At Brown White, Schiavelli said he will be consulting as of counsel for appellate matters. He said he had great respect for the firm “because it is a small firm of extremely talented attorneys handling sophisticated matters and yet maintaining a very congenial atmosphere.”

Ken White said the firm was “thrilled” to have Schiavelli join the firm. “Having a federal judge join, how could you say no?” he asked jokingly.

He praised the jurist’s “tremendous experience with a broad range of practice areas” and said he’s “a genuinely nice and funny guy too” whom he predicted would be an asset to the firm’s practice and collegiality.
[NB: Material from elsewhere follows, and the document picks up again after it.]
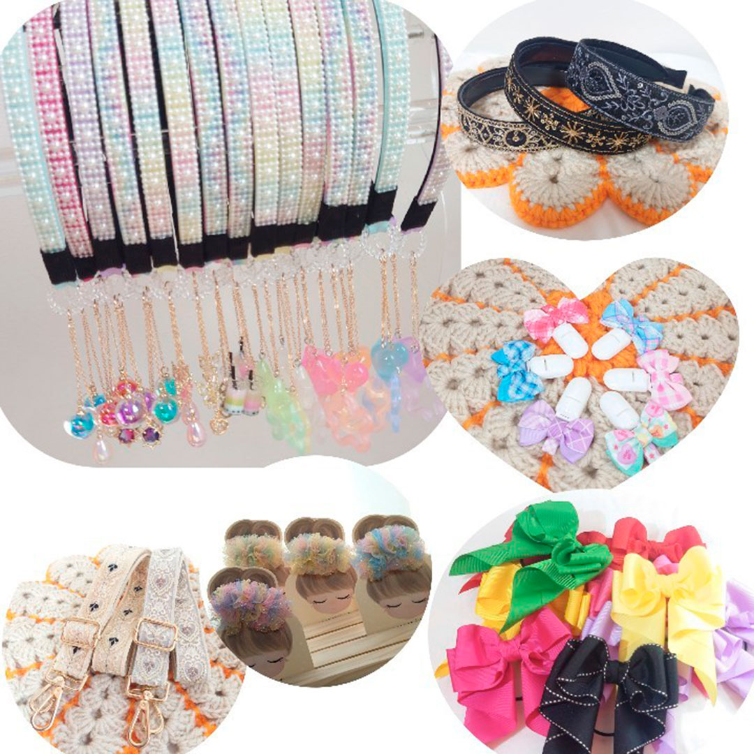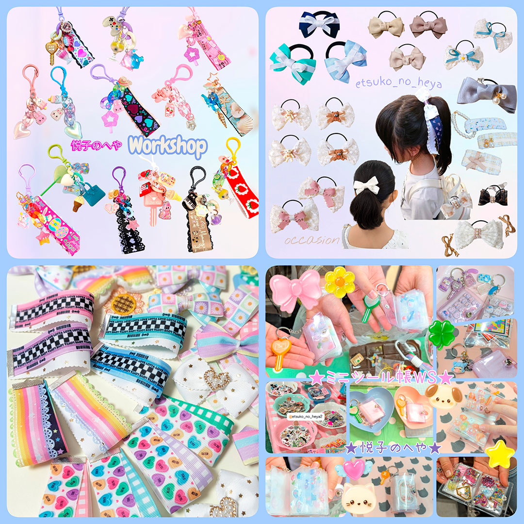 お子様から大人まで使えるかわいいリボンを使ったヘアアクセサリーやショルダーストラップなどを販売します。

The firm moved to a larger space last month, White said, and they were “happy to be able to have space” for the jurist to occupy. “He’ll be able to overlook his former digs at the courthouse,” White added.

Brown White was founded in 2005 by two former federal prosecutors. With Schiavelli, the firm will boast 12 attorneys.
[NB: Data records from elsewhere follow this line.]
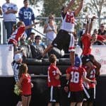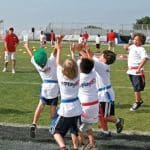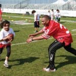 Camp participants compete for a pass in the end zone.
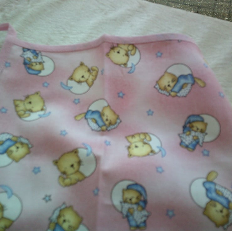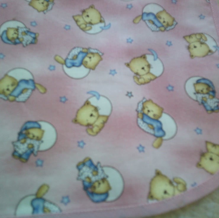 The design features sleepy cats in blue pyjamas with their pillows on a pink background and a pink bias binding edging.
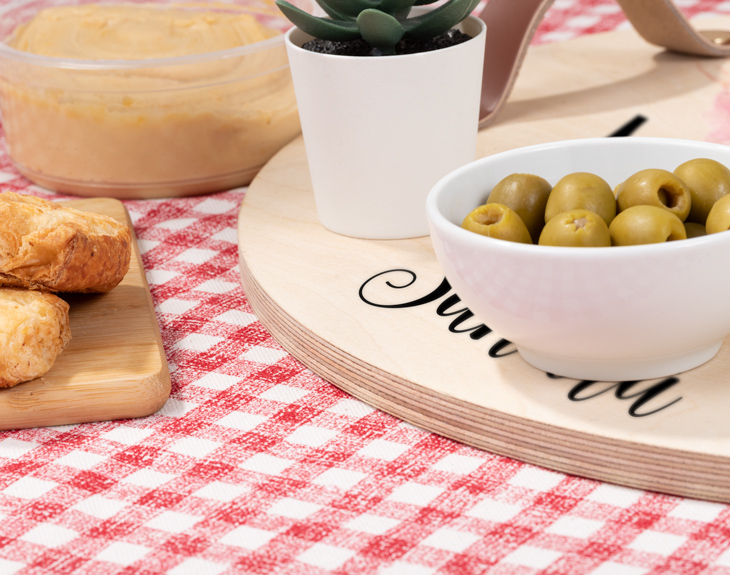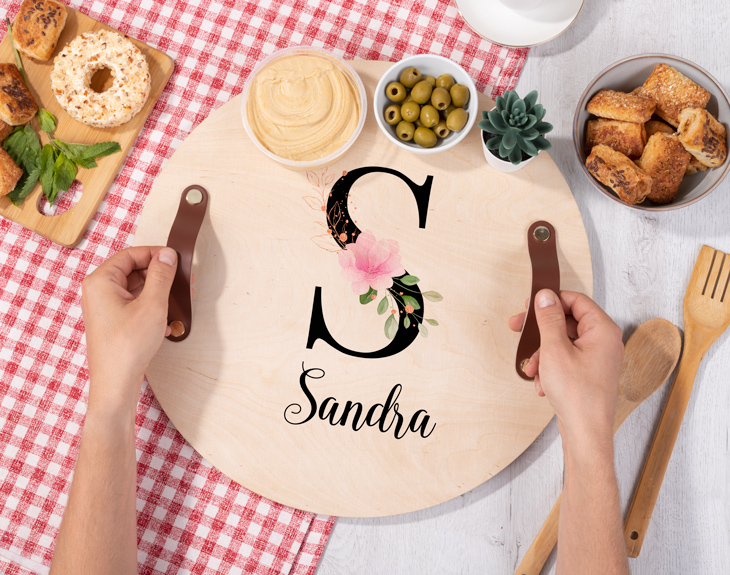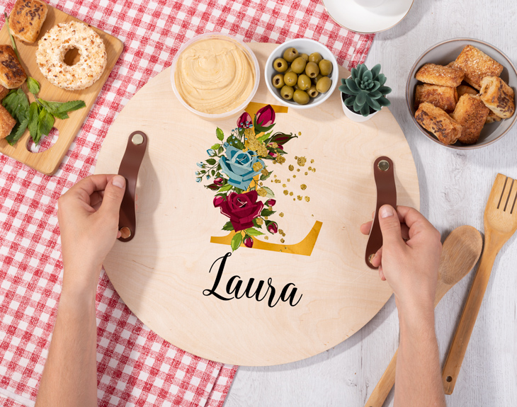Siempre hay que cuidar de nuestros invitados al máximo. Ofrecerles algo de comer o beber es algo obligatorio para cualquier buen anfitrión. ¿Y por qué no hacerlo de la forma más elegante posible? Esta bandeja de madera personalizada está pensada para hacer que cualquier quedada con amigos o familiares sea de lo más elegante. No hay nada mejor que disfrutar de unas riquísimas patatas fritas junto a tu cerveza favorita. ¡Esto podrá ir encima de esta bandeja redonda con diseño de iniciales botánicas! Sus dos asas hacen que sea de lo más fácil llevarla de un lado para otro. Además, esta madera cuenta con un diámetro de 41,5 centímetros, por lo que cabrán todos los aperitivos y bebidas de tus invitados. Y es que este regalo original está hecho para todas esas personas que quieren ser los mejores anfitriones. ¡Podrás personalizar esta bandeja con la inicial botánica que más te guste! Solo tendrás que añadir el producto al carrito y entrar en el diseñador, donde encontrarás los diferentes estilos de letras botánicas, con colores que van desde el dorado hasta el rosa. ¡Escoge la inicial de esa persona especial y crea un regalo único! Medida: 41,5 centímetros de diámetro. Material: madera. Importante: Las maderas tienen vetas y estas quedan reflejadas en la imagen.

Schiavelli, a onetime Stanford University football player, has been working full-time since returning to the court earlier this year following a full knee replacement, which he has described as successful. But he said he faces replacement of the other knee, as well as additional surgeries to treat injuries cased by a tumble he took from an escalator three years ago.

The judge served on the Los Angeles Superior Court from 1994 to 2000—he was presiding judge of the Appellate Division prior to his departure—and was appointed to the federal bench four years ago by President Bush.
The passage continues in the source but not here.